Cloisonnism (1887-88)
During the period 1887–1888, Bernard worked in Paris with Anquetin, Van Gogh and Toulouse-Lautrec (the trio were dubbed the School of Petit-Boulevard). Of the three, Bernard was the most clear and forthright about the sort of art he wanted to create - a type of simplified decorative art, accessible to all. This decorative painting, which he developed in company with Anquetin, was labelled Cloisonnism by the critic Edouard Dujardin. Cloisonnist compositions typically featured distorted forms and areas of shadowless, unnatural colour, each edged with heavy outlines reminiscent of medieval stained glass or cloisonne enamels. The main intention was to express an inner world of emotion, rather than exterior objective reality. Bernard also developed a taste for Japanese woodcuts, as well as wood carving and tapestry art.
Synthetism (1888)
In 1888, Bernard developed a close working relationship at Pont-Aven with Gauguin, who had broken with Impressionism and whose latest masterpiece, The Vision After the Sermon: Jacob Wrestling with the Angel (1888, Scottish National Gallery, Edinburgh) borrowed heavily from the younger man's style of Cloisonnism. Over a period of months, aided by their muse Madeleine Bernard (Emile's sister) they collaborated in founding Synthetism (also called synthetic Symbolism), in which Bernard's decorative painting was strengthened and enriched by Gauguin's injection of vision, symbolism and mood. Meanwhile, on the fringe of their relationship was the talented but restless Vincent van Gogh, who influenced and was influenced by the pair's work.
Symbolism (1889-90)
A poet and a writer, as well as a painter, Bernard studied religious mysticism and philosophy. In 1889 he spent the summer alone in Le Pouldu mixing religious art and symbolism in a series of paintings, while also trying to earn money in design and various types of applied art. All the while his former collaborator Gauguin was attracting more and more recognition as the leader of the visionary colourism practised by avant-garde art groups in Brittany and Paris. (According to some art historians, Bernard's rivalry with Gauguin led him out of spite, some years later, to switch to classicism.) In 1890 he devoted considerable energy to organizing a major exhibition showcasing the life and works of his friend Van Gogh. In 1891 he became associated with Les Vingt, a group of Symbolist artists that included the Bordeaux surrealist-style painter Odilon Redon and the Swiss symbolist and inventor of 'Parallelism', Ferdinand Hodler (1853-1918).

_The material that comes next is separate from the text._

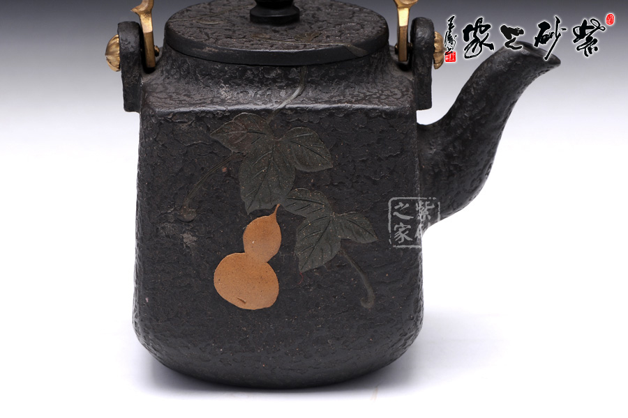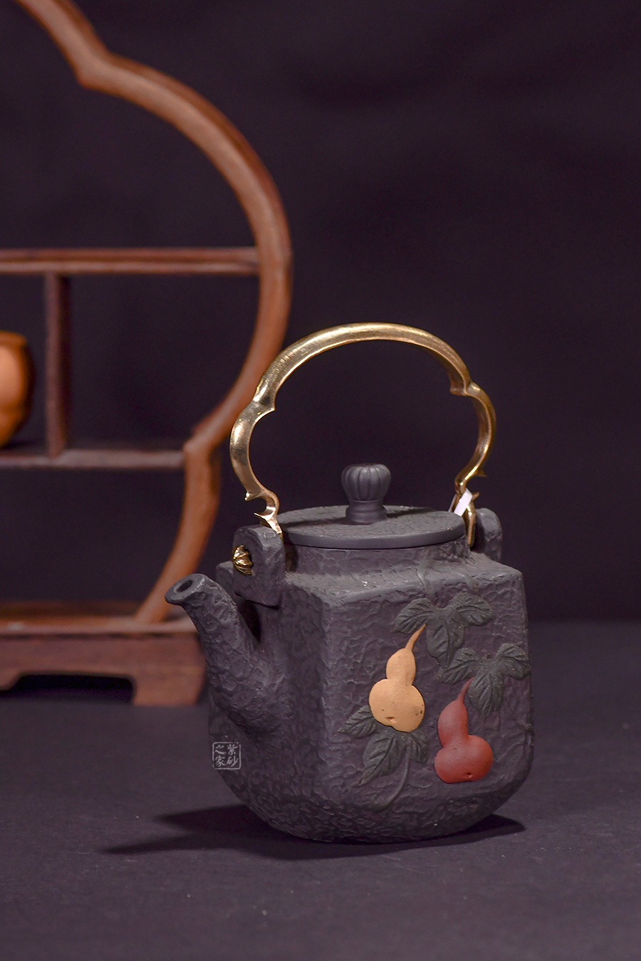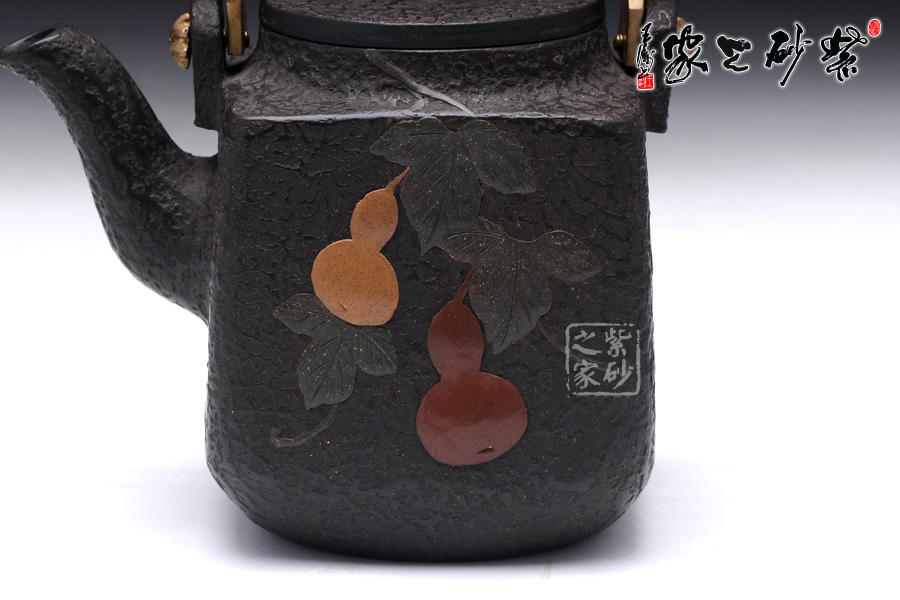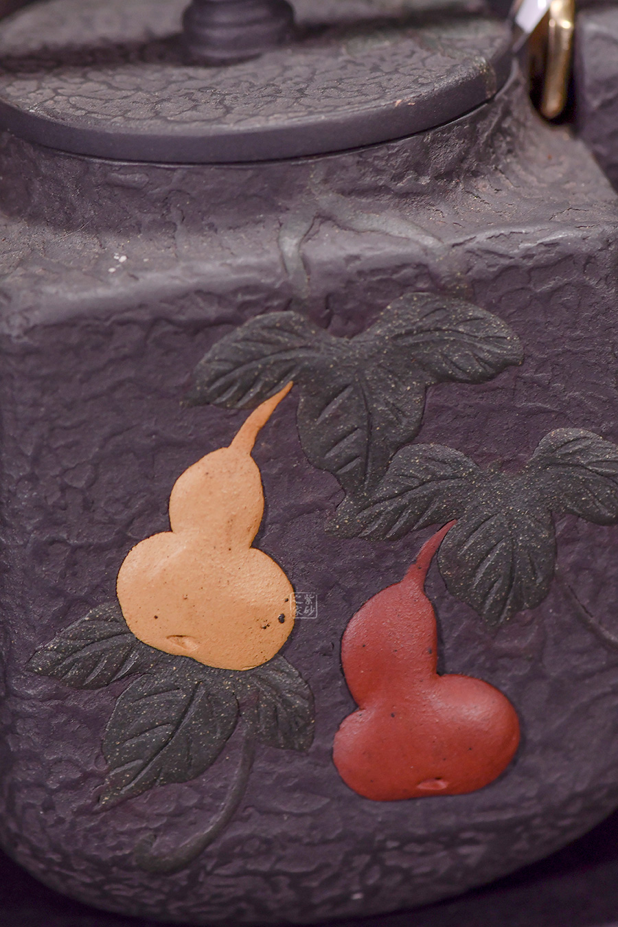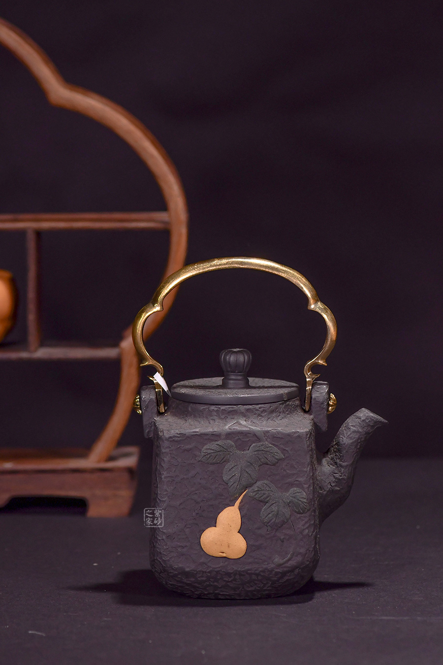 此壺造型為四方形,身筒較高,氣勢威嚴(yán),四面轉(zhuǎn)角溫婉,壺底呈混四方形,壺肩則更為明利直接,短頸圓口平蓋,蓋面平實簡約,完美貼合,氣密性良好,壺鈕如花苞般,含苞待放;經(jīng)典的三彎流,嘴型古樸蜿蜒,線條優(yōu)雅,出水利落;銅質(zhì)提梁與色澤神秘沉郁的黑星砂搭配,整體感覺古雅大氣,敦厚穩(wěn)重;此壺做工精細(xì),用料講究,實為收藏之精品;壺身兩面堆花裝飾十分精湛,藤蔓上幾只葫蘆生長自然,意蘊悠悠,葫蘆又有“福祿”之意,是吉祥的好兆頭。
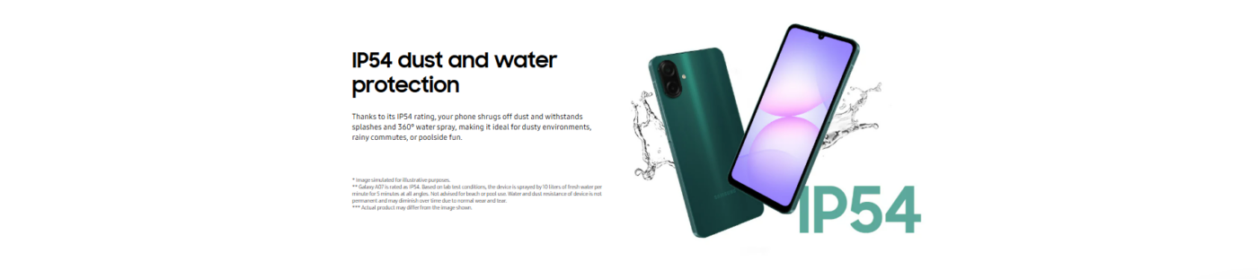 The Samsung Galaxy A07 delivers a balanced mix of performance, battery life, and usability at a competitive price point. Featuring a slim, ergonomic design with a large edge-to-edge display and an IP54 rating for dust and splash resistance, it’s built for everyday life — from browsing and streaming to light gaming and multitasking.

In 1893 Bernard started travelling to Spain and North Africa. In 1894 he left France for a trip around Italy, after which he settled in Egypt for ten years. It was during his stay in Alexandria that, like his friend Louis Anquetin, he switched to a more classical style of painting. In 1904 he returned to Paris, where he founded and edited the arts journal La Renovation Esthetique, publishing a wide range of essays and articles on the work of modernists like Georges Seurat, Van Gogh, Gauguin, Cezanne, and Redon. Devoting himself largely to writing, Bernard lived in Paris until his death in 1941 at the age of 72.